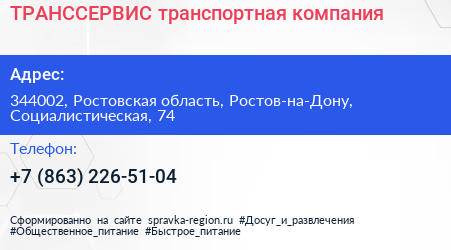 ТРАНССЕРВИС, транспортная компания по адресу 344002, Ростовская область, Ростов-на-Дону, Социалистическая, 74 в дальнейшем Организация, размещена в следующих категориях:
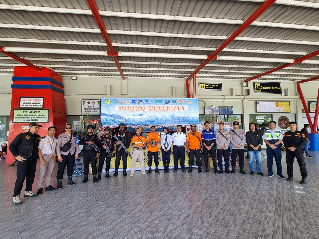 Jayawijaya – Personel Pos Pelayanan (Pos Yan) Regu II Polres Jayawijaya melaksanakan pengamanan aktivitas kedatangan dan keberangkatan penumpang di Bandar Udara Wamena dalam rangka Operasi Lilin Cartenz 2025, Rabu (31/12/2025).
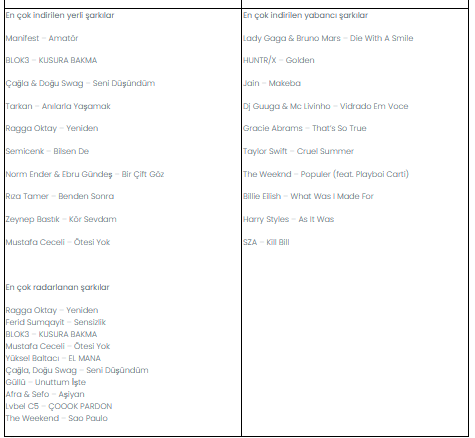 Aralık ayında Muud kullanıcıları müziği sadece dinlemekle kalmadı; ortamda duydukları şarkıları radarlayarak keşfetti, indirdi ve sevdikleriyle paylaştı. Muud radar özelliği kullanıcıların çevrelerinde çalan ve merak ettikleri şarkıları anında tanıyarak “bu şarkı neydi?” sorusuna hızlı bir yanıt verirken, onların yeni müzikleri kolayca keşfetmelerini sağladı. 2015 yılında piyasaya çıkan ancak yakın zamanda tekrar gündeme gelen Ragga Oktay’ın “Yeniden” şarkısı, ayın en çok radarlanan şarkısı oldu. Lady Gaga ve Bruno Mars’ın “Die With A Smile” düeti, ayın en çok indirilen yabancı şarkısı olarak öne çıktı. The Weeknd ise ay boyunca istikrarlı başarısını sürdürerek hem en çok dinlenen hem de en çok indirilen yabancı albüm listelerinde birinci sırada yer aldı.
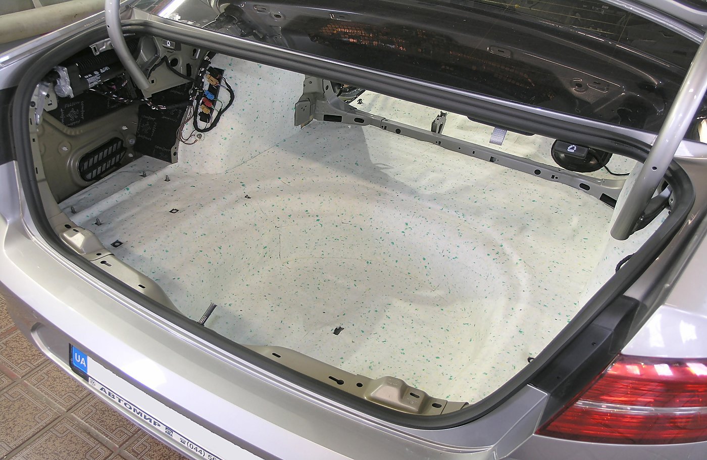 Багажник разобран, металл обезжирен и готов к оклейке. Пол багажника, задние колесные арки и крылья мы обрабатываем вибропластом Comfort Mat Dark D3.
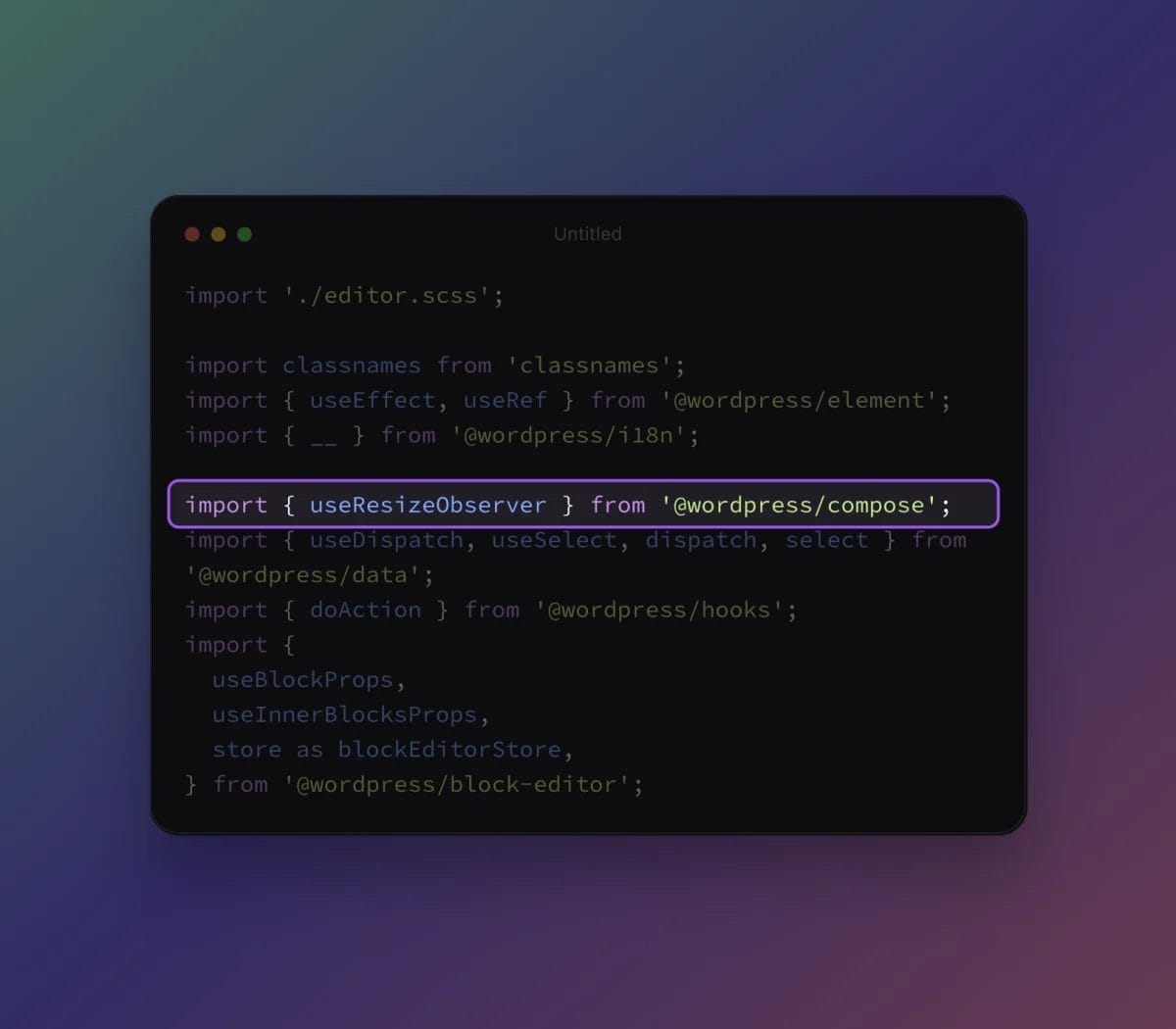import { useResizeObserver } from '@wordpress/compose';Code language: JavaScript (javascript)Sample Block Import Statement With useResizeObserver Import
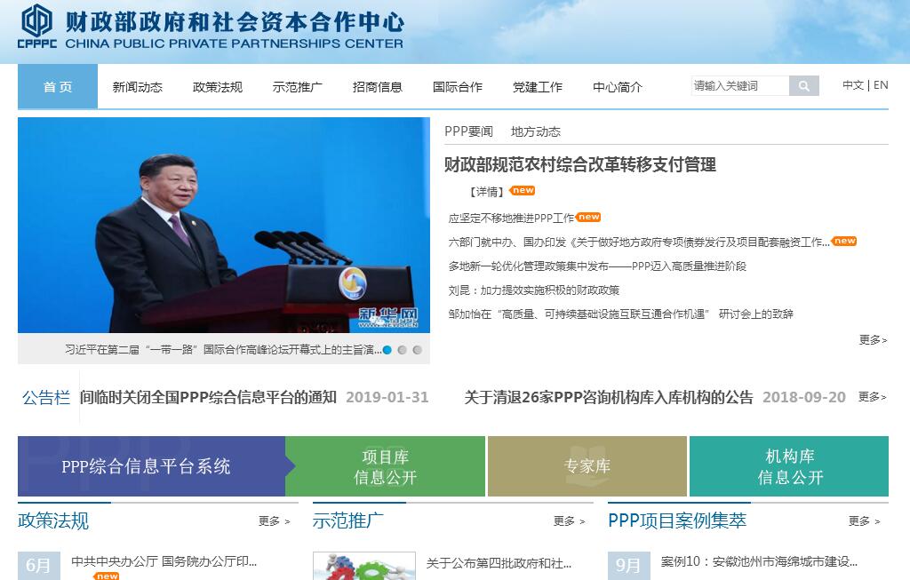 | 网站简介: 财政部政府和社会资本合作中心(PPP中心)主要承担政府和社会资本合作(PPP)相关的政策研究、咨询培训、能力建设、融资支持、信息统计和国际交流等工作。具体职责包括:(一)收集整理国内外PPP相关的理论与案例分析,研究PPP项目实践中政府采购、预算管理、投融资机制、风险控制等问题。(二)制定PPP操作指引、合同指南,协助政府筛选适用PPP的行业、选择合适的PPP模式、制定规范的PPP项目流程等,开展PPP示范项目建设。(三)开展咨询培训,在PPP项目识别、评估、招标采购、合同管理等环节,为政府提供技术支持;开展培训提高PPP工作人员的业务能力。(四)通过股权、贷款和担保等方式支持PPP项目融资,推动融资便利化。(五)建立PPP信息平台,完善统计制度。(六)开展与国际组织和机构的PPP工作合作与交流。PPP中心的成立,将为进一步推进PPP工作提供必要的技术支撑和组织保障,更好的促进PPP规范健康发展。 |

# # #

-- YOUR GOAL --
Each entry gets copied exactly; the pictures stay out.

-- TASK ANSWER --
 ТРАНССЕРВИС, транспортная компания по адресу 344002, Ростовская область, Ростов-на-Дону, Социалистическая, 74 в дальнейшем Организация, размещена в следующих категориях:
 Jayawijaya – Personel Pos Pelayanan (Pos Yan) Regu II Polres Jayawijaya melaksanakan pengamanan aktivitas kedatangan dan keberangkatan penumpang di Bandar Udara Wamena dalam rangka Operasi Lilin Cartenz 2025, Rabu (31/12/2025).
 Aralık ayında Muud kullanıcıları müziği sadece dinlemekle kalmadı; ortamda duydukları şarkıları radarlayarak keşfetti, indirdi ve sevdikleriyle paylaştı. Muud radar özelliği kullanıcıların çevrelerinde çalan ve merak ettikleri şarkıları anında tanıyarak “bu şarkı neydi?” sorusuna hızlı bir yanıt verirken, onların yeni müzikleri kolayca keşfetmelerini sağladı. 2015 yılında piyasaya çıkan ancak yakın zamanda tekrar gündeme gelen Ragga Oktay’ın “Yeniden” şarkısı, ayın en çok radarlanan şarkısı oldu. Lady Gaga ve Bruno Mars’ın “Die With A Smile” düeti, ayın en çok indirilen yabancı şarkısı olarak öne çıktı. The Weeknd ise ay boyunca istikrarlı başarısını sürdürerek hem en çok dinlenen hem de en çok indirilen yabancı albüm listelerinde birinci sırada yer aldı.
 Багажник разобран, металл обезжирен и готов к оклейке. Пол багажника, задние колесные арки и крылья мы обрабатываем вибропластом Comfort Mat Dark D3.
import { useResizeObserver } from '@wordpress/compose';Code language: JavaScript (javascript)Sample Block Import Statement With useResizeObserver Import
 | 网站简介: 财政部政府和社会资本合作中心(PPP中心)主要承担政府和社会资本合作(PPP)相关的政策研究、咨询培训、能力建设、融资支持、信息统计和国际交流等工作。具体职责包括:(一)收集整理国内外PPP相关的理论与案例分析,研究PPP项目实践中政府采购、预算管理、投融资机制、风险控制等问题。(二)制定PPP操作指引、合同指南,协助政府筛选适用PPP的行业、选择合适的PPP模式、制定规范的PPP项目流程等,开展PPP示范项目建设。(三)开展咨询培训,在PPP项目识别、评估、招标采购、合同管理等环节,为政府提供技术支持;开展培训提高PPP工作人员的业务能力。(四)通过股权、贷款和担保等方式支持PPP项目融资,推动融资便利化。(五)建立PPP信息平台,完善统计制度。(六)开展与国际组织和机构的PPP工作合作与交流。PPP中心的成立,将为进一步推进PPP工作提供必要的技术支撑和组织保障,更好的促进PPP规范健康发展。 |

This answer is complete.